Sony put out one that used MS-X that stood for Microsoft extended.
Yamaha was another who did the same.
My first computer was a SpectrovideoMS-X that stoll a march on the others by including a 3.5 HD The game I enjoyed was Child Park, Which I can't track down today. Any help would be welcome.
When I worked for a law firm the summer of my 2nd year of law school (1981) the firm had a WANG room. Climate controlled; you had to put things to be typed through a little window. They let me do part of my law review article on it. (I'd started with the law schools TRS-80). You had to climb up onto a little platform with a special seat.
My very first computer was a nameless little thing that had a cassette tape drive and used the TV as a screen. In 1985 we got a IBM, whichever model was before the AT. I too learned BASIC and told my young son that if he ever typed "format" lightning would strike him dead.
But my very first computer experience, indirectly, was in 1967 while my then husband was in grad school. He typed his programs (in Fortan, I think) onto little punch cards and submitted them to what I faultily recall as robed priests at the Stanford Computer Center. I used to go over with him in the middle of the night; there was a priestless reader available where you could run your punch cards through and it would print out whatever was on them.
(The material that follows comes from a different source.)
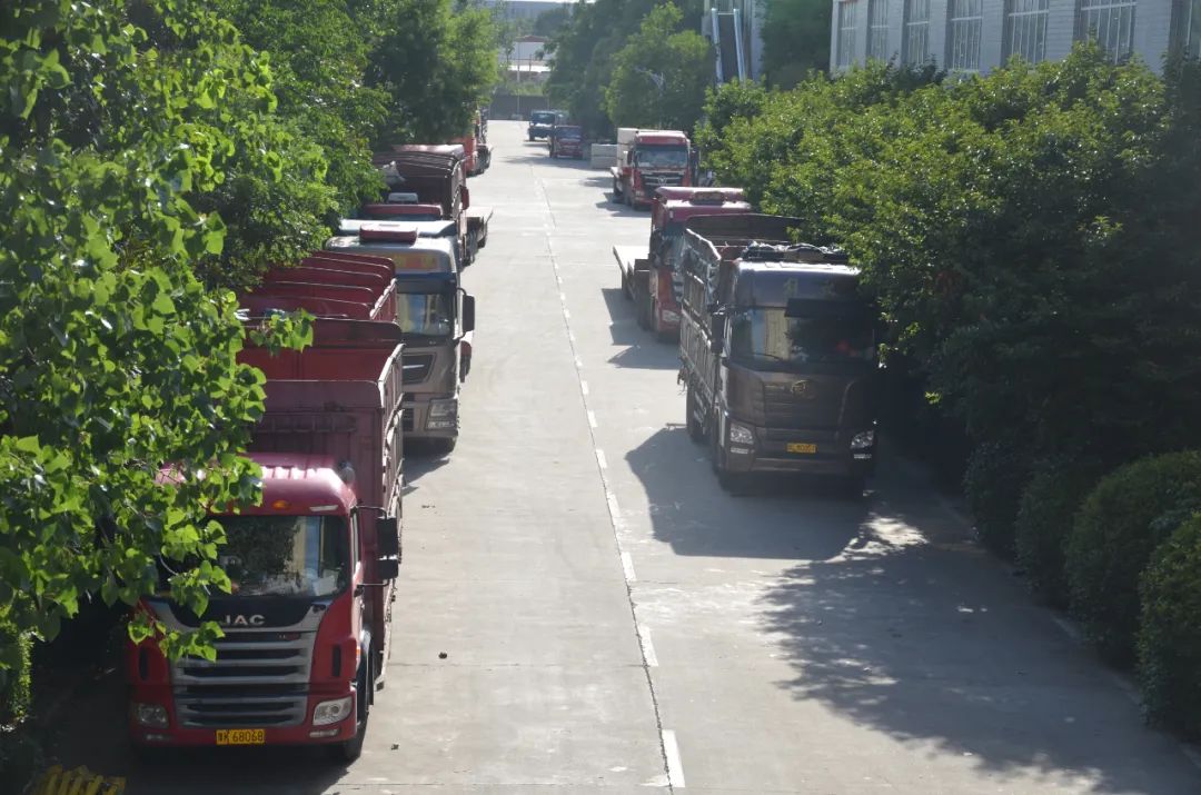 物流發(fā)運中心的貨車臨時停靠區(qū),一輛輛等待裝車的貨車,時刻準備著執(zhí)行更艱巨的任務(wù)。

So I would type out letters home on punchcards and then print them. So cool to send letters on wide lined computer paper.
Yes I went to the university of Maryland after my 3 year stint as a
Western Union computer tech. I too had the punch card experience though our assignment was the mondane sort routine in COBOL. Choice was bubble up or push down technique. Wonder if anyone remembers those techniques.
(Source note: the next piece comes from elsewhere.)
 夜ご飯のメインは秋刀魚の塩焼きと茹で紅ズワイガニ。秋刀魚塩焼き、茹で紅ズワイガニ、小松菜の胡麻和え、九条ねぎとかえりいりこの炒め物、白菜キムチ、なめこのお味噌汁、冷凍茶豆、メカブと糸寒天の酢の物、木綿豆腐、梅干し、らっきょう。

Wang, I fixed some monitors for them way back. Alot of users really had a Wang following, but then Wang sold out or was brought out. Our co. brought out Data 100, so you know we had some old equipment. Does that feel any better? -----Willy ![]()
My first was the 128K Macintosh released in 1984. Yes, the First Mac, one of the more reliable computers I have used. I still have it and will turn it on just to turn it on and see how much has changed from the 1st mac to the iMac and OSX.